It must be fun to work at National Geographic Channel, where it is a mandate to not only produce groundbreaking content but where being “at the forefront of science and exploration,” said Emanuele Madeddu, the channel’s SVP of creative and consumer marketing, “is part of the mission of the company.”

It’s a company where the act of marketing a worldwide phenomenon like the show Brain Games involves more than just the usual bag of program promotional campaign tricks. It involves designing, constructing and touring a new technology — a fully immersive virtual reality experience called The Brain Show.

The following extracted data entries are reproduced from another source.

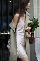 Indulge in the elegance of our Sian Lace Slip, crafted from luxurious silky blush satin with a touch of stretch. The bias cut design hugs your curves beautifully, while adjustable spaghetti straps and a v-neckline, adorned with exquisite lace appliques, add sophistication.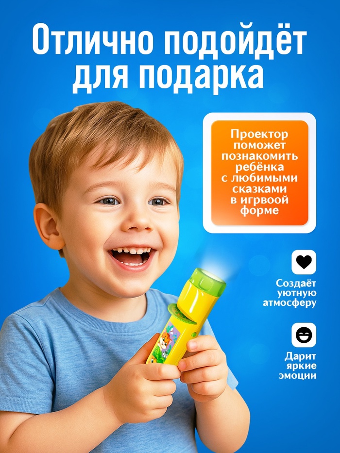 Проектор-фонарик «Любимые сказки» станет прекрасным началом для развития творческих способностей ребёнка.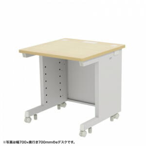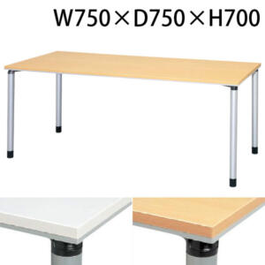CMS7575 6-165-6397のスペックは、幅750mm、奥行750mm、高さ700mmです。 天板は1枚で、配線機能はありません。 天板素材はメラミン化粧板、エッジはスクエアエッジです。 脚部は4本脚で、丸脚仕様です。 キャスターは付いておらず、収納機能もありません。
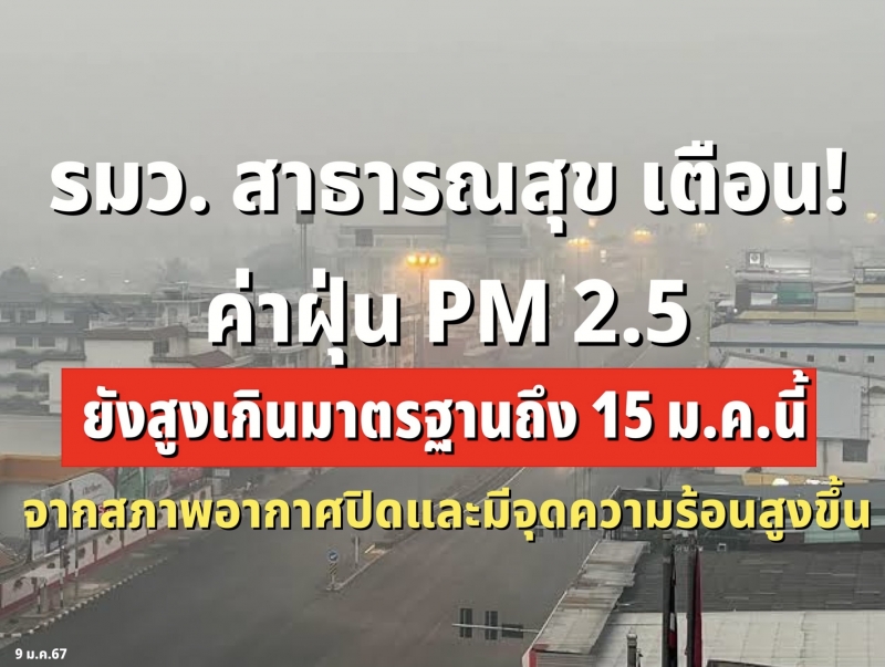 วันนี้ (9 มกราคม 2568) ที่กระทรวงสาธารณสุข จ.นนทบุรี นายสมศักดิ์ เทพสุทิน รัฐมนตรีว่าการกระทรวงสาธารณสุข เป็นประธานการประชุมทางไกลติดตามสถานการณ์และเตรียมความพร้อมด้านการแพทย์และสาธารณสุข กรณีหมอกควันและฝุ่นละอองขนาดเล็ก ปี 2568 โดยมี นพ.โอภาส การย์กวินพงศ์ ปลัดกระทรวงสาธารณสุข พญ.อัมพร เบญจพลพิทักษ์ อธิบดีกรมอนามัย และสำนักงานสาธารณสุขจังหวัดทุกแห่งเข้าร่วม โดยกล่าวว่า สถานการณ์ฝุ่น PM 2.5 ตั้งแต่วันที่ 11 ตุลาคม 2567 - 9 มกราคม 2568 ในภาพรวมพบจังหวัดที่มีค่าฝุ่นเกินมาตรฐาน 37.5 มคก./ลบ.ม. หรือระดับสีส้ม จำนวน 53 จังหวัด โดยวันนี้ พบเกินมาตรฐานระดับมีผลกระทบต่อสุขภาพหรือสีแดง (75 มคก./ลบ.ม.ขึ้นไป) จำนวน 11 จังหวัด ได้แก่ กรุงเทพฯ เพชรบุรี สมุทรสาคร สระบุรี นครปฐม พิษณุโลก นนทบุรี สมุทรปราการ ระยอง สมุทรสงคราม และราชบุรี ทั้งนี้ ค่าฝุ่น มีแนวโน้มจะเกินมาตรฐานไปจนถึงวันที่ 15 มกราคม 2568 เนื่องจากการระบายอากาศต่ำ ทำให้มีสภาพอากาศปิด รวมทั้งพบจุดความร้อนทั้งในประเทศและต่างประเทศสูงขึ้น ฝุ่นละอองจึงมีแนวโน้มสะสมมากขึ้น โดยเฉพาะในพื้นที่ กทม. ปริมณฑล ภาคกลาง และภาคเหนือ
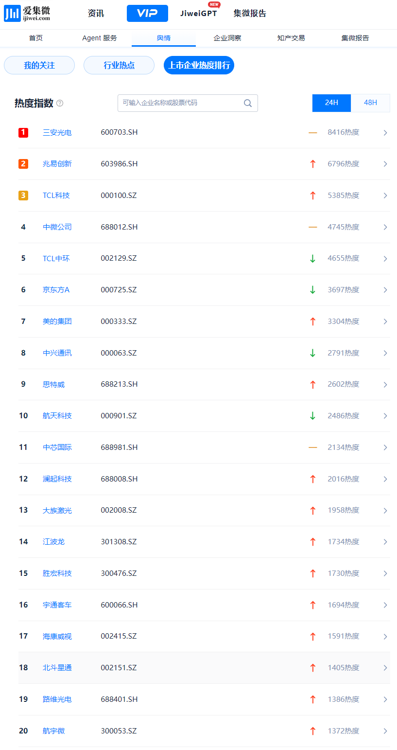 登录爱集微VIP频道,实时查看动态“上市企业热度排行”,穿透洞察每一个波动背后的驱动因素。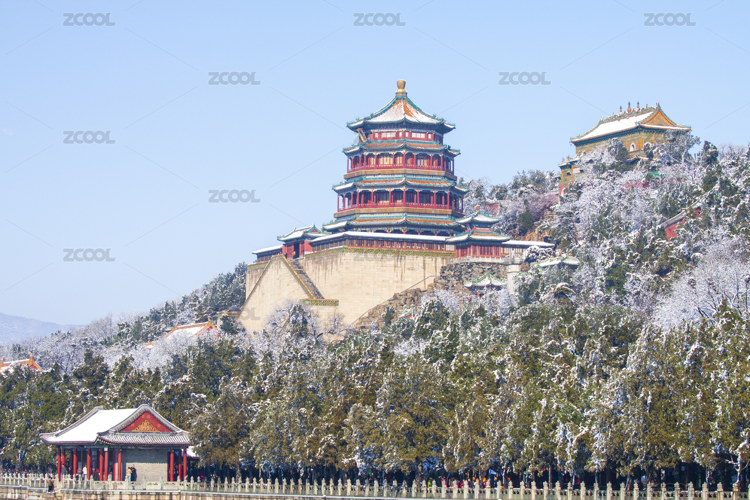 颐和园,雪,雪景,名胜古迹,文化遗产,佛香阁,昆明湖,特写,局部,万寿山

National Geographic Channel’s Brain Show has, to date, toured Australia, Brazil and currently, Singapore, where it will be hitting up high schools throughout February. At each stop, participants have lined up to strap on a Neurosky EEG Headset, which in turn is connected to an Oculus Rift viewer, a Kinect camera and a real-time 3D engine. “EEG,” for those who don’t happen to be in neuroscience or have a passing interest therein, stands for “electroencephalography,” which is a method of measuring what are commonly called brain waves.

In conjunction with receiving the user’s brain waves, The Brain Show apparatus initiates a face scan, which materializes as a 3D avatar for the user, visible through the Oculus Rift.

With the kindly voice of Brain Games host Jason Silva serving as a guide, the participant can then destroy, build back up, paint, distort and otherwise manipulate their avatar simply by moving their head and concentrating and focusing in different directions. The result, as described by Italian digital creative agency Xister, which developed the technology, is “an amazing interactive experience that gives super powers to everyone’s brain. For real.”

The idea for The Brain Show “came from the need to demonstrate how powerful the brain can be, if correctly stimulated,” said Louis Mustill, the technical director who collaborated with Xister to bring the experience to life. “We’d seen virtual reality done before, but always as quite a passive experience where a user would be monitored and a piece of content would run from start to finish, but there wasn’t a lot of agency in the process. To build on this, we decided to make it more of an immersive experience, so users could engage with it like an experiment or a game.”

Completing the installation required developing tools to not only get the measured brain activity from the EEG headset into the 3D engine, but to translate it into a format with which people could be engaged. Building within a live-programming environment called VVVV, Mustill’s team “came up with a unique rendering style and world for your head to live in,” he said, “and worked through different parameters of the rendering that we could control with both concentration and other values we got from the Oculus headset, like which direction you’re looking in.”

Along the way, they designed “a generative musical score” that pipes in during the experience, “where the music is described by a set of rules and algorithms and created on the fly.”

What ensued was 18 months in the making and is “something you have to see” to fully understand, said Madeddu. “The Brain Show transcends language and cultural barriers… engaging people from all backgrounds with science and with the opportunity to explore their brains like never before.”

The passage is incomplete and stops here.